With certain limited exceptions, your interest in a business – a corporation, an LLC, a partnership, or a sole proprietorship - is a marital asset and therefore subject to division in a NH divorce. The division of that business interest often presents even the most sophisticated divorce attorneys with challenging and complex issues of business valuation.

Successful representation in these cases requires more than a divorce lawyer with knowledge and experience in New Hampshire property distribution law; it requires an attorney who understands the various business valuation methods used, as well as the myriad ways that business interests are held and transferred.

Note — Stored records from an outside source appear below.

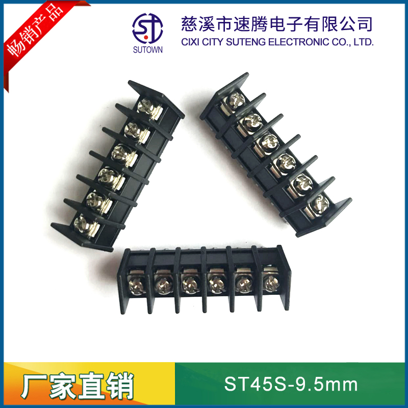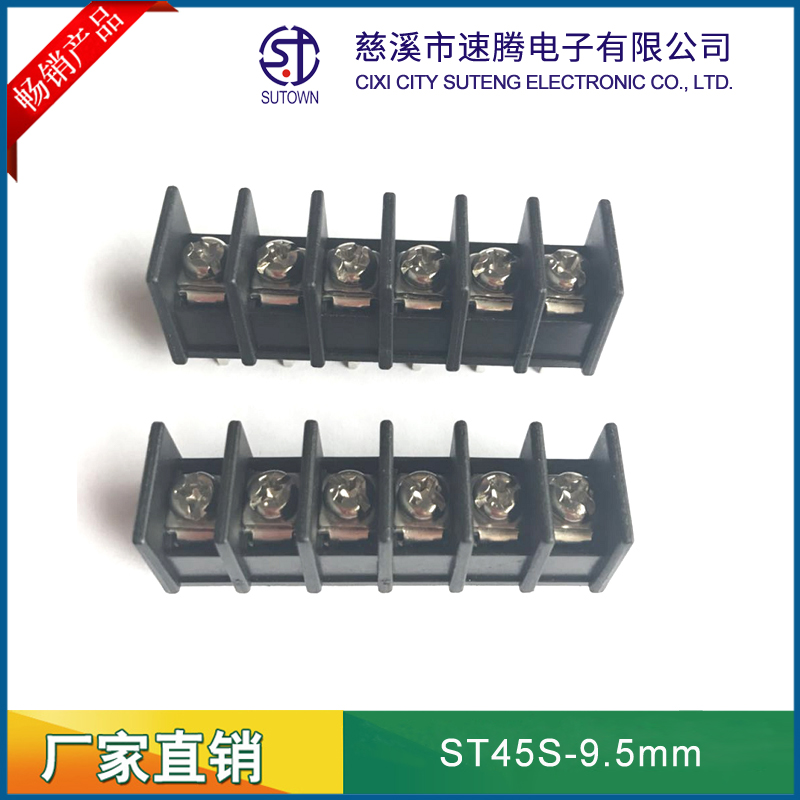 Material and Plating Spacing:9.5mm Plastic parts;PA66,UL94V-0 Welding needle:Brass,Tin plating Screw:M4.0,Steel,Nickel Plating Electrical performance Rated voltage:300V Rated current:25A Ambient temperature:-40℃~+105℃ MAX Soldering:+250℃,5s Withstanding Voltage:AC2000V/1Min Contact resistance:20mΩ Insulation resistance:500MΩ/DC500V Wire diameter:22-12AWG 4.0mm2 Torque:1.2Nm
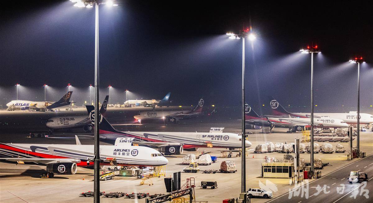 凌晨,鄂州花湖国际机场停机坪,全货机依次排开,运输货物的拖车穿梭往来。(湖北日报全媒记者 薛婷 摄)
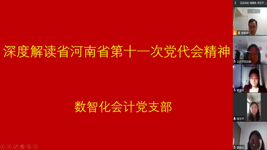 为进一步深入学习中国共产党河南省第十一次代表大会的会议精神,9月22日,数智化会计党支部组织党支部全体党员和教研室所有教师通过线上方式开展政治学习。会议由数智化会计教研室党支部书记曾景伟老师主持。
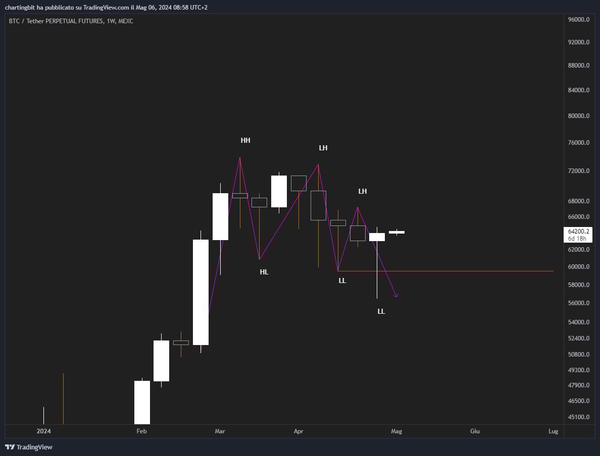 Nel caso specifico di Bitcoin, nel settimanale era piuttosto chiaro individuare la struttura del prezzo e capire che eravamo a rischio di rottura del trend bullish.
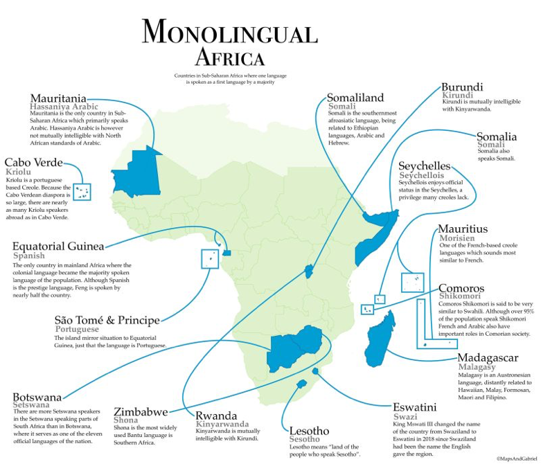 Países como a Somália onde o somali é a língua principal, ou as Ilhas Maurício, com o crioulo morisien, demonstram como uma única língua pode ser uma poderosa ferramenta de construção de nação, promovendo uma identidade compartilhada e reduzindo divisões internas. Similarmente, em Botsuana e no Lesoto, o setsuana e o sesoto não são apenas línguas majoritárias, mas também atuam como pontes que unem comunidades para além das fronteiras políticas, fortalecendo a soberania.
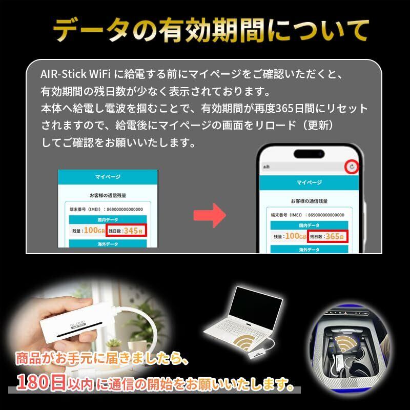 USB型WiFi リチャージ AIR-Stick WiFi 100GB付き 365日 モバイルルーター バッテリーレス 給電式 車載対応 買い切り型 契約不要 月額0円 選べる有効期間365日 31日 ネットナビゲート
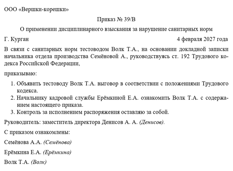 Скачать в КонсультантПлюсБесплатный доступ к документуОбразец приказа о применении дисциплинарного взыскания за нарушение санитарных норм
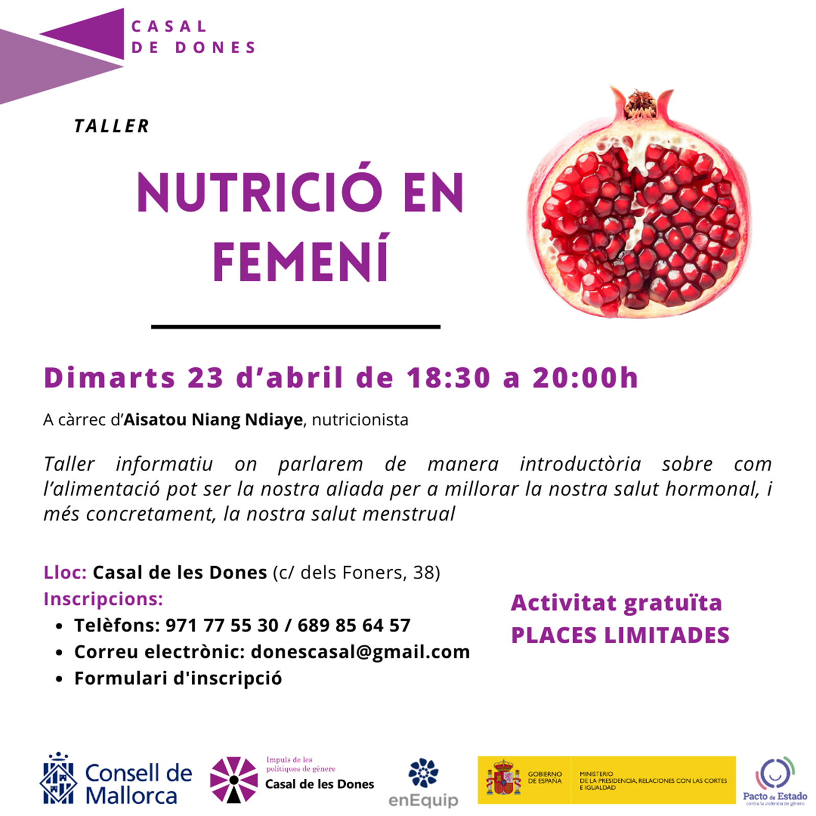 Me complace anunciaros que el próximo martes 23 de abril de 2024 se va a realizar en el Casal de Dones de Palma, un taller de Nutrición en Femenino. ¿Qué

“When a New Hampshire business owner goes through a divorce, the distribution of that spouse’s business interests often presents even the most sophisticated divorce attorneys with challenging and complex issues of business valuation and distribution.”

Further, experienced divorce attorneys know that just as business ownership issues can greatly impact a divorce, the divorce itself often impacts a business.  For example, a divorce involving a prominent shareholder can create uncertainty and stress for other shareholders and may affect the organization as a whole.

A skilled attorney who appreciates and understands such concerns is in the best position to guide the client through a fair valuation and distribution process with the least impact on this hard-earned asset.